### Data
###
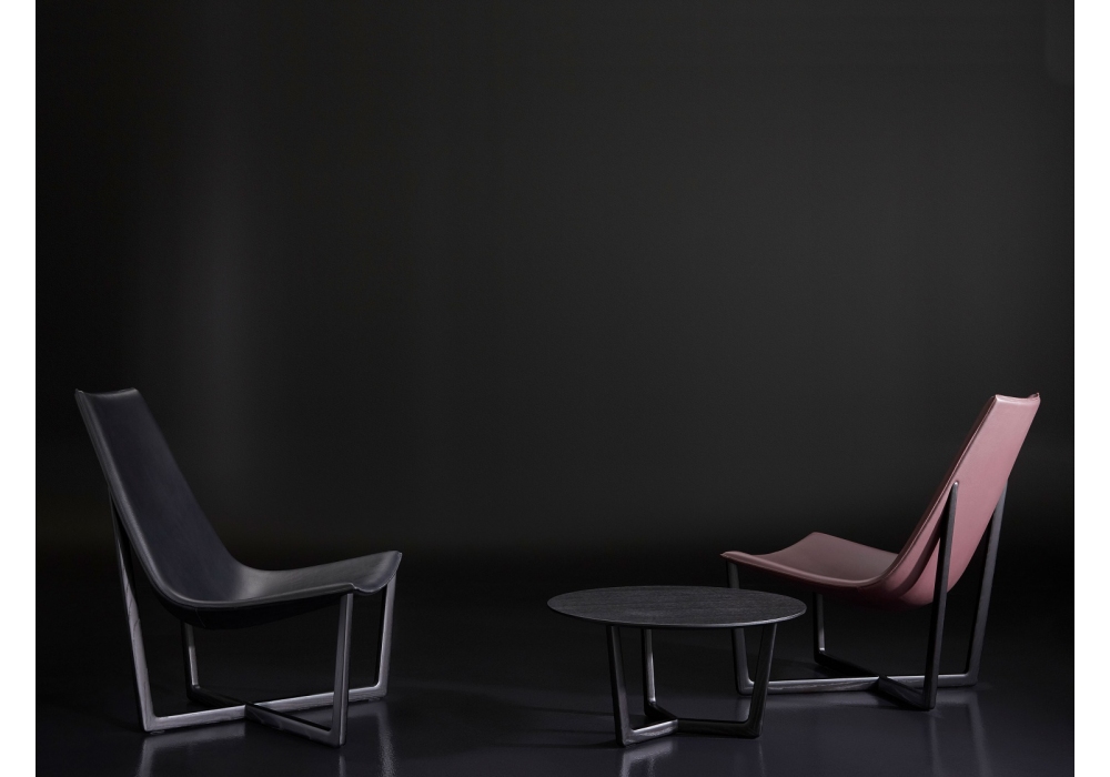 Jade designed by Christophe Pillet for Porro is an armchair composed of canaletto walnut or ash structure and leather or eco-leather upholstered shell. The Shahan table is ideal complementto the Jade armchair, recalls its finishes and crossed wood supporting structure.
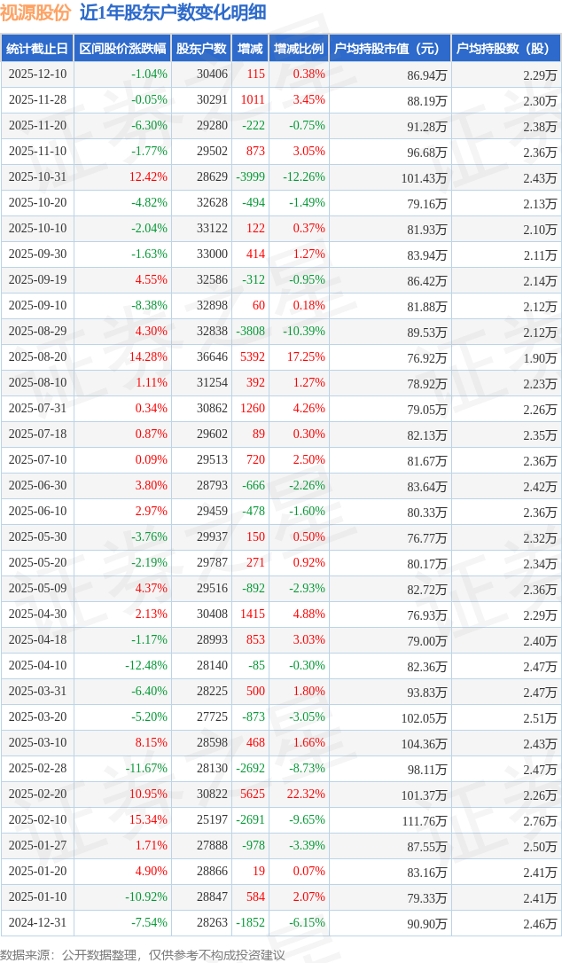 从股价来看,2025年11月28日至2025年12月10日,视源股份区间跌幅为1.04%,在此期间股东户数增加115.0户,增幅为0.38%。
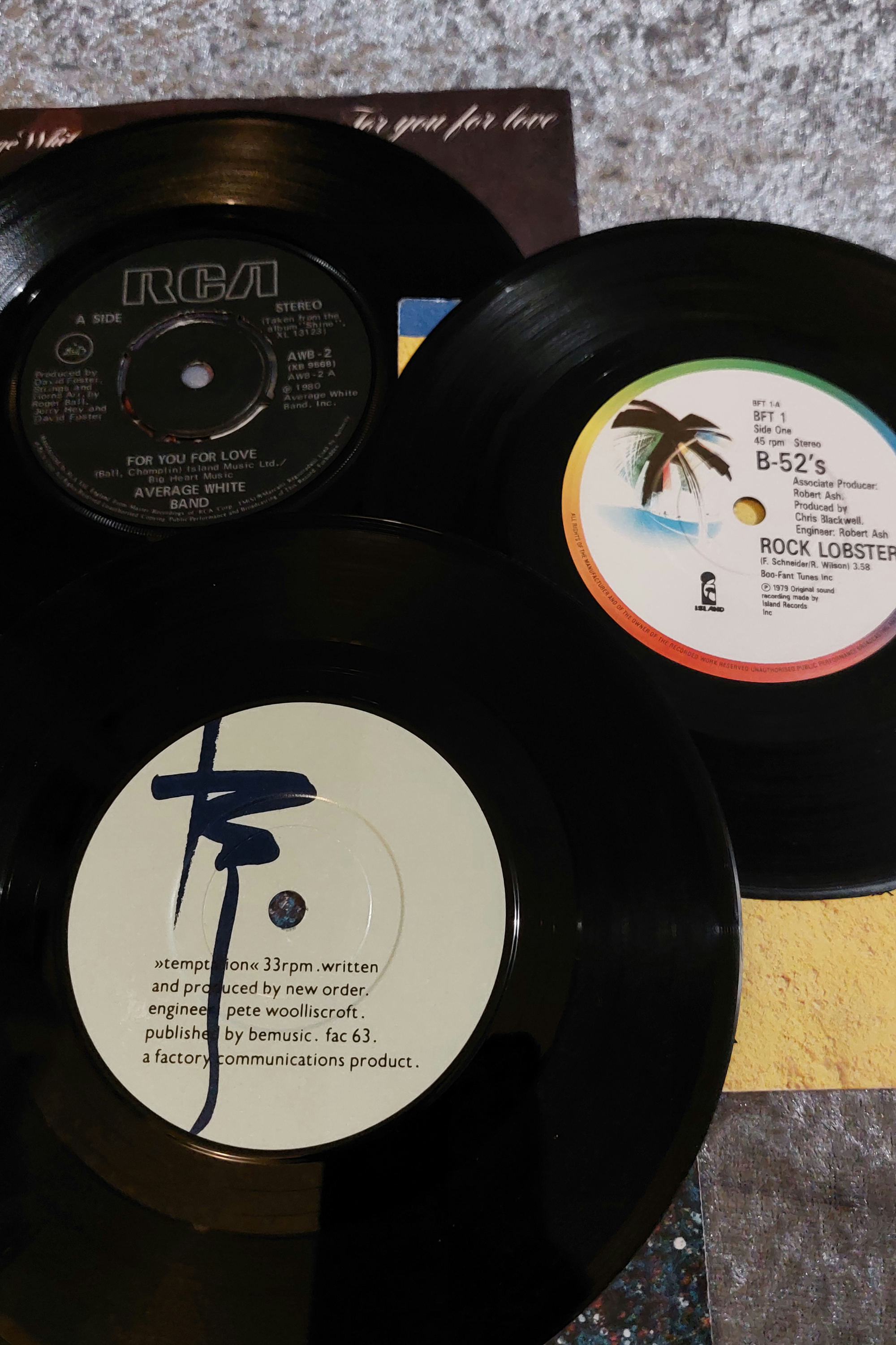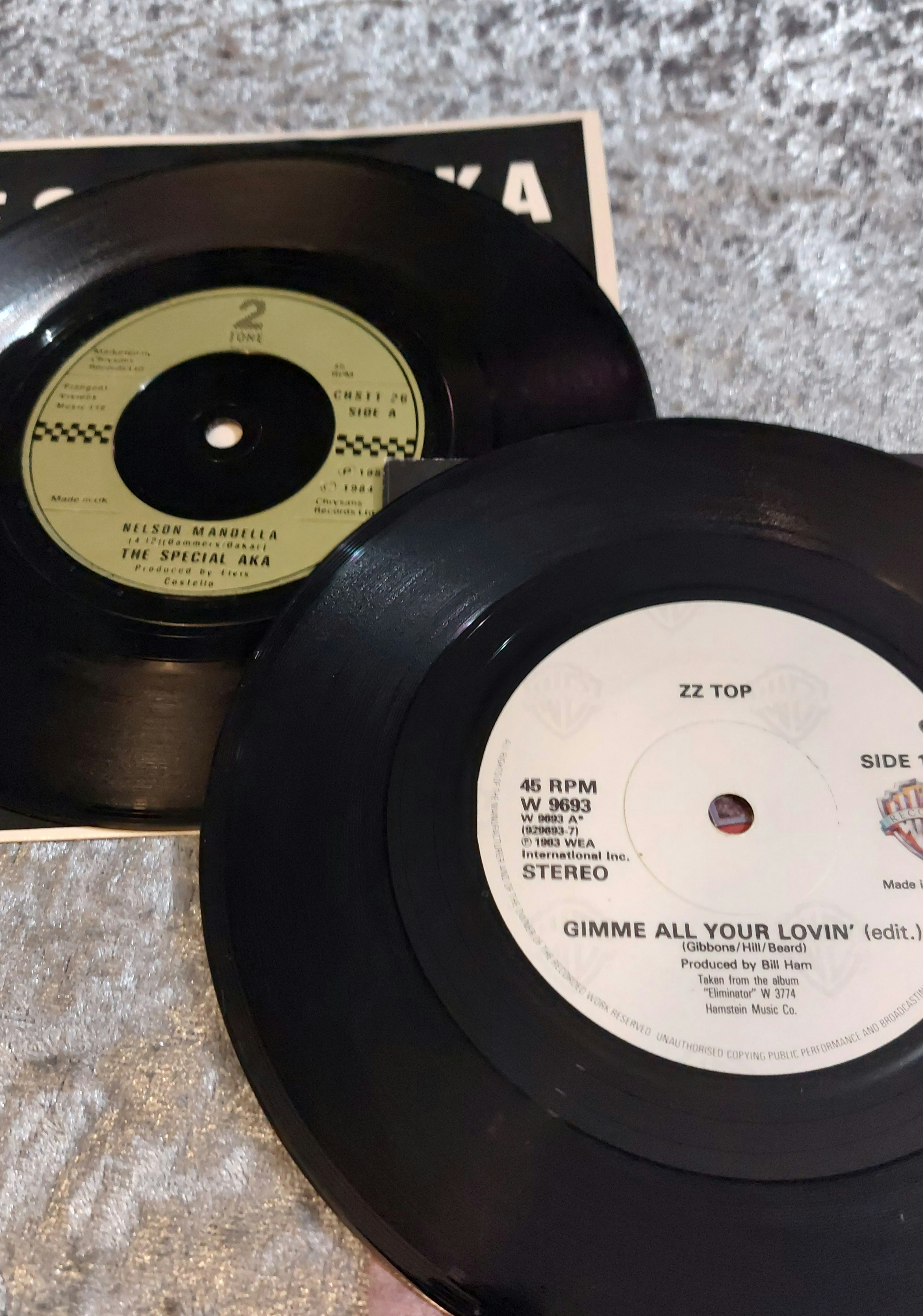 This lot comprises a collection of vinyl records, including four 12-inch LPs and three 7-inch 45 rpm singles. The LPs feature artwork and artist information for Average White Band, The B-52’s, ZZ Top, and The Special AKA featuring Nelson Mandela. Two of the singles are clearly identifiable as releases by The B-52’s, ZZ Top, and The Special AKA featuring Nelson Mandela. The collection also includes a promotional or insert sheet with a speckled surface, possibly painted or splattered. All items appear to date from the late 20th century.
###
### Task
Pictures stay out of the copy; print the material above exactly.

### Problem solution
 Jade designed by Christophe Pillet for Porro is an armchair composed of canaletto walnut or ash structure and leather or eco-leather upholstered shell. The Shahan table is ideal complementto the Jade armchair, recalls its finishes and crossed wood supporting structure.
 从股价来看,2025年11月28日至2025年12月10日,视源股份区间跌幅为1.04%,在此期间股东户数增加115.0户,增幅为0.38%。
 This lot comprises a collection of vinyl records, including four 12-inch LPs and three 7-inch 45 rpm singles. The LPs feature artwork and artist information for Average White Band, The B-52’s, ZZ Top, and The Special AKA featuring Nelson Mandela. Two of the singles are clearly identifiable as releases by The B-52’s, ZZ Top, and The Special AKA featuring Nelson Mandela. The collection also includes a promotional or insert sheet with a speckled surface, possibly painted or splattered. All items appear to date from the late 20th century.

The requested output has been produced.